Every line in the data below that holds "Istanbul" should be found and copied.

───── Working data ─────

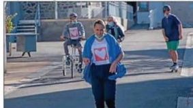
Il les 14 jeunes ont parcouru en cumulés, 75 km et récolté 150 € pour Initiatives-Cœur, soutenu par le skipper Sam Davies

► Participation à la course solidaire « Nous avons suivi Samantha car elle s'est lancée deux dé-
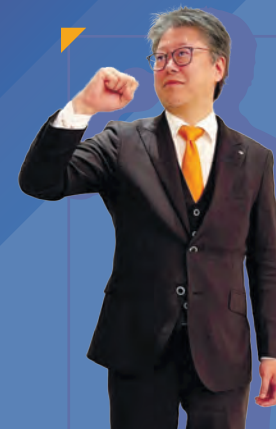
令和6年度 日本 YEG 会長

交流、地域貢献、ビジネス交流、未来提言などの活動を通じて、地域から必要とされる組織であり続けるために団結し、共に YEG 活動に邁進して参りましょう。
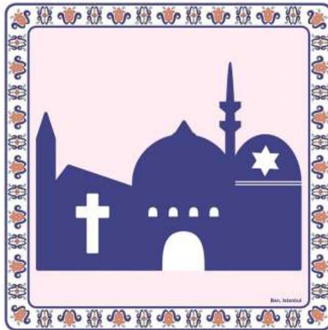
CityX – Ben, Istanbul – Appreciation, 2014/15

Das CityX-Projekt Ben, Istanbul fand 2014/15 statt und bezog sich oftmals auf die Dualität der türkischen Stadt: Sowohl die beiden Kontinente Europa und Asien, als auch die Gegensätze und Gemeinsamkeiten von Christentum und Islam werden in den Piktogrammen deutlich. Denn vor allem die Religion war im 16-teiligen Stadtbild ein wichtiges, verbindendes Element.
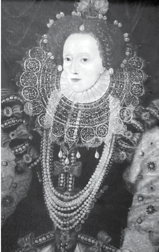
Materiales didácticos de la maleta "Piratas, corsarios, bucaneros y filibusteros" de la Galería de Historia. Museo del Caracol.
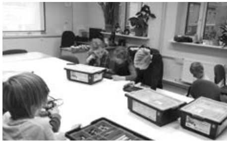
Foto no Baldones vidusskolas arhīva programmas, t.sk. STEM jomā (no anaļu val. Science, Technology, Engineering and Mathematics ). Skolēniem bija iespēja apmeklēt zinātkāres centru “Zinoo”, “Mazo brīnumzemi”, animācijas darbnīcas, vērot dronu demonstrācijas, tehniski radošās darbnīcas u.c.

Projekta īstenošanas rezultātā ir izstrādātas un ieviestas jaunas mācību pieejas formas mācību satura apguvei (individualizētās nodarbības matemātikā, dabaszinībās, nodarbību cikli, mācību vizītes u.c.), kā arī nodrošināti alternatīvi izglītības pasākumi (tehniskās dienas, tematiskās nometnes, konkursi, inovatīvas interešu izglītības

─────

_Exercise output_.
CityX – Ben, Istanbul – Appreciation, 2014/15
Das CityX-Projekt Ben, Istanbul fand 2014/15 statt und bezog sich oftmals auf die Dualität der türkischen Stadt: Sowohl die beiden Kontinente Europa und Asien, als auch die Gegensätze und Gemeinsamkeiten von Christentum und Islam werden in den Piktogrammen deutlich. Denn vor allem die Religion war im 16-teiligen Stadtbild ein wichtiges, verbindendes Element.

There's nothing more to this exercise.